**ACTION ITEM**: Below are the records; give again exactly the lines from the one containing "木纹搭配大理石电视背景墙,底部悬空安装木色+白色电视柜,简约省地方。" through the one containing "DNEVNI BORAVAK/ KUHINJA/", leaving out pictures.

---------- ENTRIES SUPPLIED ----------

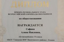 Поздравляем Сафину Алину 10 в, призера республиканской олимпиады по обществознанию!!!
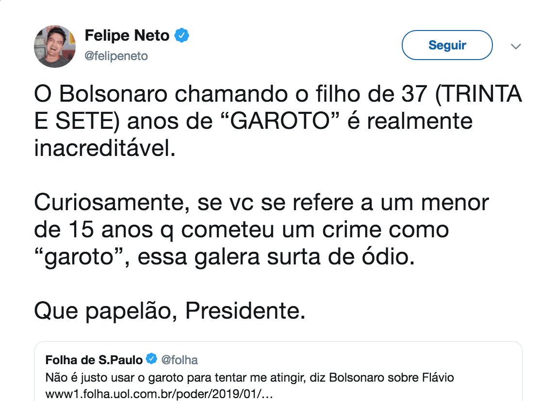 Esse post acima é apenas um detalhe de como Felipe Neto, com seus 30 milhões de seguidores do Youtube, lidera a ofensiva nas redes sociais contra Jair Bolsonaro.
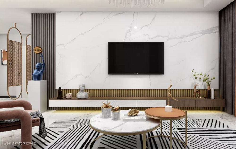 木纹搭配大理石电视背景墙,底部悬空安装木色+白色电视柜,简约省地方。
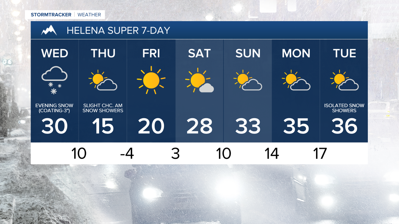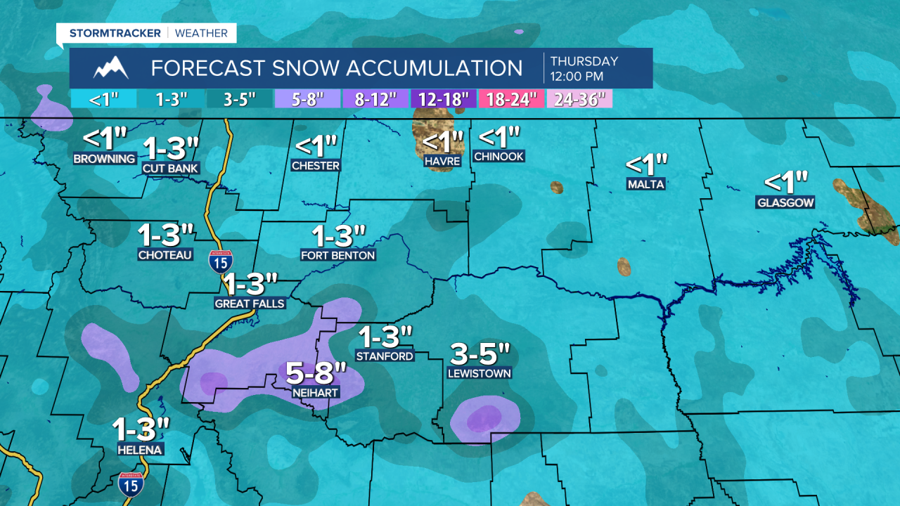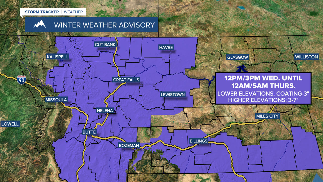 A WINTER WEATHER ADVISORY is in effect from 12pm/3pm Wednesday until 12am/5am Thursday for all of central and north-central Montana. A coating to 3 inches of snow accumulation is expected in the lower elevations, and 3 to 7 inches of snow accumulation is expected in the mountains.
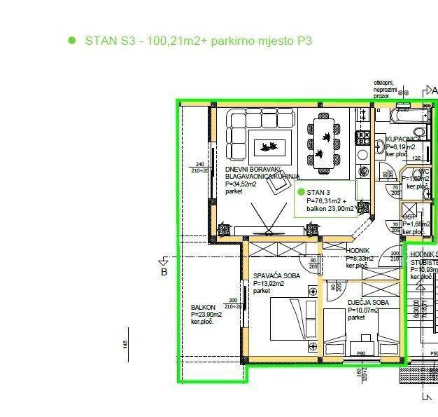 DNEVNI BORAVAK/ KUHINJA/ BLAGOVAONICA : 34,52 m2 HODNIK : 8,33 m2 DJEČJA SOBA : 10,07 m2 SPAVAĆA SOBA : 13,92 m2 KUPAONICA : 6,19 m2 WC: 1,60 m2 OSTAVA : 1,68 m2 BALKON : 23,90 m2U cijenu stana je uračunato i vanjsko nenatkriveno parkirno mjesto koje ima provedenu struju i vodu.
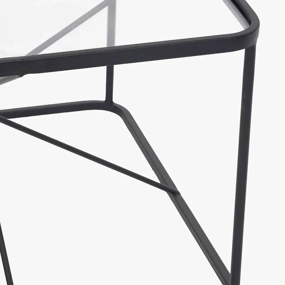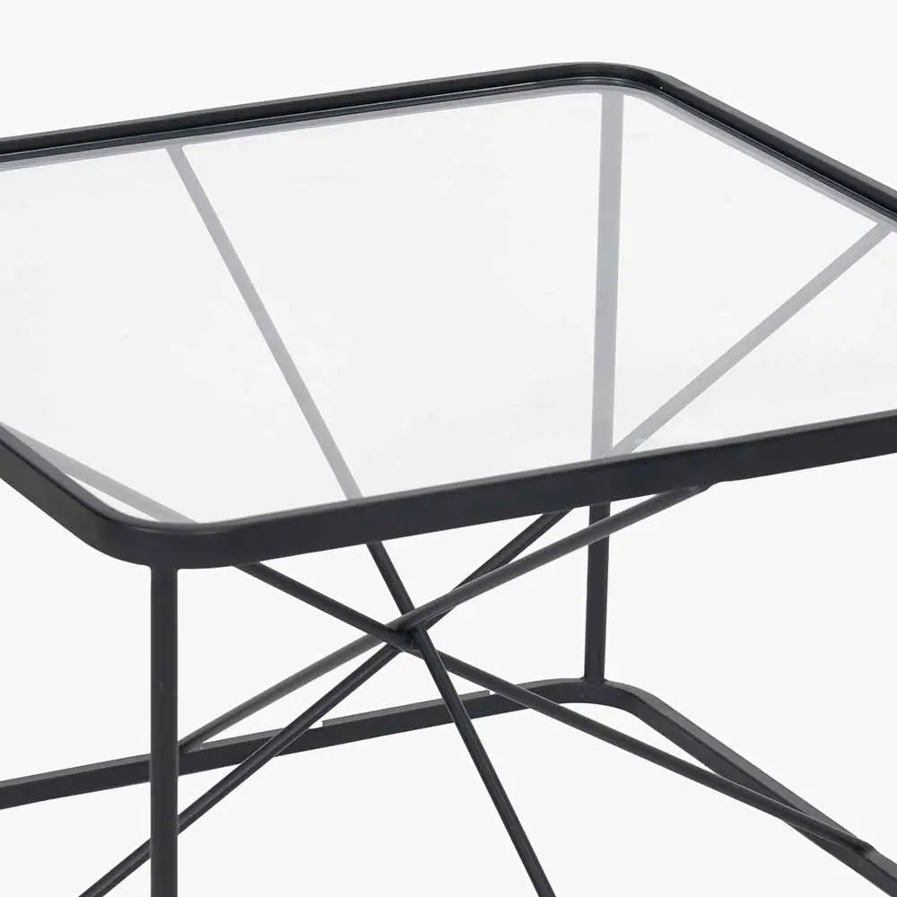The Roxy Glass and Black Metal Coffee Table brings contemporary style and architectural elegance to your living room. Featuring a striking star-like crossed black metal frame and a clear inset glass top, this coffee table creates a bold focal point while maintaining a sense of lightness and sophistication.
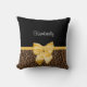 Mantenha-se na moda com este travesseiro decorativo de pele-leopardo marrom-na moda com uma fita amarela elegante amarrada num arco chic. Personalize este design de impressão animal moderno e clássico adicionando seu nome. Imagem impressa plana, não com pelo ou fita real.

----------

**RESPONSE AREA**:
 木纹搭配大理石电视背景墙,底部悬空安装木色+白色电视柜,简约省地方。
 A WINTER WEATHER ADVISORY is in effect from 12pm/3pm Wednesday until 12am/5am Thursday for all of central and north-central Montana. A coating to 3 inches of snow accumulation is expected in the lower elevations, and 3 to 7 inches of snow accumulation is expected in the mountains.
 DNEVNI BORAVAK/ KUHINJA/ BLAGOVAONICA : 34,52 m2 HODNIK : 8,33 m2 DJEČJA SOBA : 10,07 m2 SPAVAĆA SOBA : 13,92 m2 KUPAONICA : 6,19 m2 WC: 1,60 m2 OSTAVA : 1,68 m2 BALKON : 23,90 m2U cijenu stana je uračunato i vanjsko nenatkriveno parkirno mjesto koje ima provedenu struju i vodu.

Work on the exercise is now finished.